Re: HTrace API comments

Colin McCabe Sun, 11 Sep 2016 22:04:14 -0700

On Sat, Sep 10, 2016, at 20:04, Roberto Attias wrote:
> Hello,I have some comment/concerns regarding the HTrace API, and was
> wondering whether extensions/changes would be considered. I'm listing the
> most important here, if there is interest we can discuss more in detail.


Welcome, Roberto!

> 
> 1) From the HTrace Developer Guide: 
> 
> 
> 
> TraceScope objects manage the lifespan of Span objects. When a TraceScope
> is created, it often comes with an associated Span object. When this
> scope is closed, the Span will be closed as well. “Closing” the scope
> means that the span is sent to a SpanReceiver for processing.
> 
> 
> One of the implications of this model is the fact that nested spans (for
> example instrumenting nested function calls) will be delivered to the
> receiver in reverse order (as the innermost function completes before the
> outermost. This may introduce more complexity on the logic in the span
> receiver. 

Hmm.  While I would never say never, in the existing span receivers, we
haven't found that delivering the spans in this order results in any
extra complexity.  What you want is a span sink that aggregates all the
spans together, and supports querying spans by various things like ID,
time, etc.  This is typically a distributed database like HBase, Kudu,
etc.  There isn't any performance or simplicity advantage to delivering
spans in time order to these databases (as far as I know, at least).
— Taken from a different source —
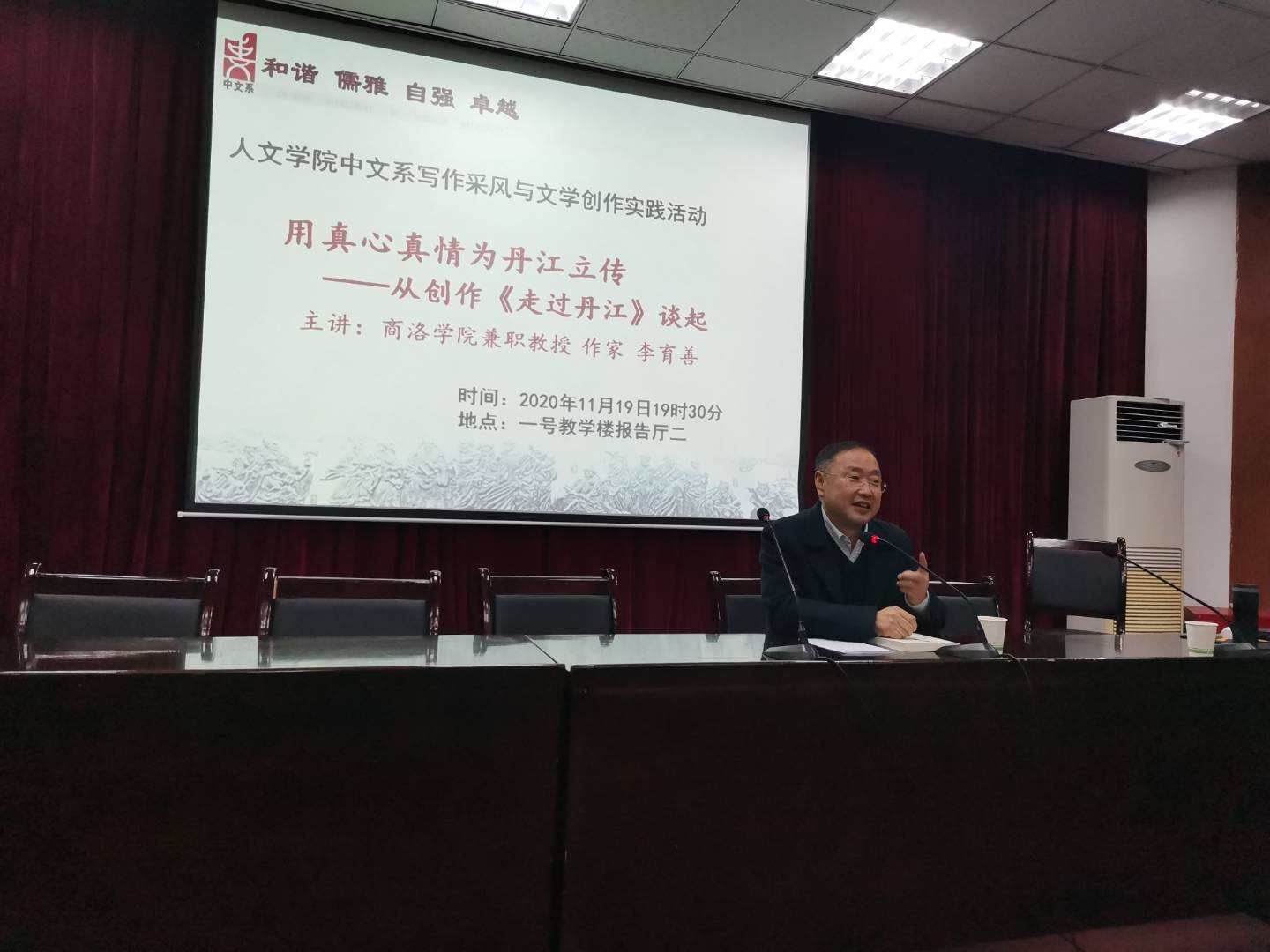 为了推动教学改革,加强员工写作能力训练,2020年11月19日,由公司兼职教授、作家李育善为同学们作了“用真心真情为丹江立传——从创作《走过丹江》谈起”的主题报告。报告由BB贝博艾弗森经理张文诺主持,程华、李荣博、张建军、胡振远、任梦池等教学实践全体带队老师参加,19级汉语言文学专业6个班200余名员工参与。

Of course, in a distributed system, just because node A sends out a span
before some other node B doesn't mean that node A's spans will arrive
before B's in the distributed database.  And also, multiple threads and
nodes will be sending spans to the database, so the input to the
database will not be in strictly ascending time order anyway.

> 
> Also, the fact that information about a span is not delivered until the
> span is closed, relies on the program not terminating abruptly. In Java
> this is not so much of a problem, but in C what happens if a series of
> nested function calls is instrumented with spans, and the innermost
> function crashes? As far as I can tell none of the span is delivered.
> This makes the use of the tracing API unreliable for bug analysis.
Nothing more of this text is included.